A processing device arranged in a processing area in the transport path and performing a predetermined process on the component,
With
The processing device is
A mounting plate having a mounting portion on which the component transported by the component holder is mounted,
A heat transfer member that transfers heat to the above-mentioned mounting plate, and
A rotation drive unit that moves the parts by rotating the heat transfer member and the above-mentioned mounting plate together about a plate rotation axis.
It has a probe that performs the treatment on the moving part.
The component holding mechanism has a positioning means for adjusting the relative position of the component holder and the previously described placement portion and / or the relative position of the probe and the previously described placement portion of the processing device.
A parts transfer processing device characterized by this.
The positioning means has a probe positioning means for adjusting the relative position between the probe and the above-mentioned mounting portion.
The probe positioning means
An engaging part plane moving mechanism that guides the probe in the plane direction of the above-mentioned mounting plate,
The probe positioning engaging portion provided on the engaging portion plane moving mechanism side and the engaging portion
It has a probe positioning hole provided at a position corresponding to the previously described mounting portion to be processed.
The processing device adjusts the relative position of the probe and the above-described prepositioning portion by engaging the probe positioning engaging portion with the probe positioning hole prior to the process of contacting the probe with the component.

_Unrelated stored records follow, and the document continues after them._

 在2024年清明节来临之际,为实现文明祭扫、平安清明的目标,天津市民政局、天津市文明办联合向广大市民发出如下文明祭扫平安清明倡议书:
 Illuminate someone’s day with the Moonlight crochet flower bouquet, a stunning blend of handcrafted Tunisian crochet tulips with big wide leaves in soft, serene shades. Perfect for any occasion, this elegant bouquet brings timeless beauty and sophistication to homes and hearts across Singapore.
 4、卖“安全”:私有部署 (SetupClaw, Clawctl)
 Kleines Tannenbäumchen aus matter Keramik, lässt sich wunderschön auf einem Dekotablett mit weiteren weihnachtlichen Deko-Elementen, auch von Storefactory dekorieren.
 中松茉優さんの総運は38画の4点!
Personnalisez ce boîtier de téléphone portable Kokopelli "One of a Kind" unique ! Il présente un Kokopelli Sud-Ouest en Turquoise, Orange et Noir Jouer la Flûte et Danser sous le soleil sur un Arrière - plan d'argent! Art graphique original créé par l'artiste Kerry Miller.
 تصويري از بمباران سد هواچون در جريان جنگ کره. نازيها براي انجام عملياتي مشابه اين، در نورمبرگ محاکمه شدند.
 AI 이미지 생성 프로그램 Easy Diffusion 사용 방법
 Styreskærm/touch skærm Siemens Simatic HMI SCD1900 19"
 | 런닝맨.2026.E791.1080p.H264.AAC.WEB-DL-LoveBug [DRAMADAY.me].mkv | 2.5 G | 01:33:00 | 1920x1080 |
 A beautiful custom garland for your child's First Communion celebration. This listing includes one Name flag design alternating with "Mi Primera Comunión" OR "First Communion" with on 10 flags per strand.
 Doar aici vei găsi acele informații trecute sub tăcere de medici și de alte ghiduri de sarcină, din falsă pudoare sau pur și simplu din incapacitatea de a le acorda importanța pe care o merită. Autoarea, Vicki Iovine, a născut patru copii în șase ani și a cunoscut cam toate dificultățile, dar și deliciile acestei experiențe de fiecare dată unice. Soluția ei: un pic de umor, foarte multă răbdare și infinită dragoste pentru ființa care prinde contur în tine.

The parts transport processing apparatus according to claim 17.
The component transfer processing device according to claim 18, wherein the probe positioning hole rotates together with the above-described mounting portion.
The probe positioning means
It has a plurality of the probe positioning engaging portions and a plurality of the probe positioning holes corresponding to the plurality of the probe positioning engaging portions.
The processing device simultaneously engages the plurality of probe positioning engaging portions with the plurality of probe positioning holes.
The parts transport processing apparatus according to claim 18 or 19.
The component holding mechanism has a component holder positioning means for adjusting the relative position between the component holder and the above-mentioned placing portion.
The component holder positioning means
A holder-side engaging portion plane moving mechanism that guides the component holder in the plane direction of the above-mentioned mounting plate,
The engaging portion for positioning the component holder provided on the plane moving mechanism side of the engaging portion on the holder side,
It has a component holder positioning hole provided at a position corresponding to the previously described mounting portion to be held.
The component holding mechanism engages the component holder positioning engaging portion with the component holder positioning hole prior to the operation of holding or opening the component by the component holder, thereby engaging the component holder with the component holder positioning hole. The component transfer processing apparatus according to any one of claims 17 to 19, wherein the relative position of the above-mentioned placing portion is adjusted.
Place a plurality of different types of the above-mentioned parts on one pre-described plate.
The parts transport processing apparatus according to any one of claims 17 to 21, wherein the parts transfer processing apparatus is characterized in that.
The processing is performed on the plurality of parts by the same probe.
The parts transport processing apparatus according to claim 22.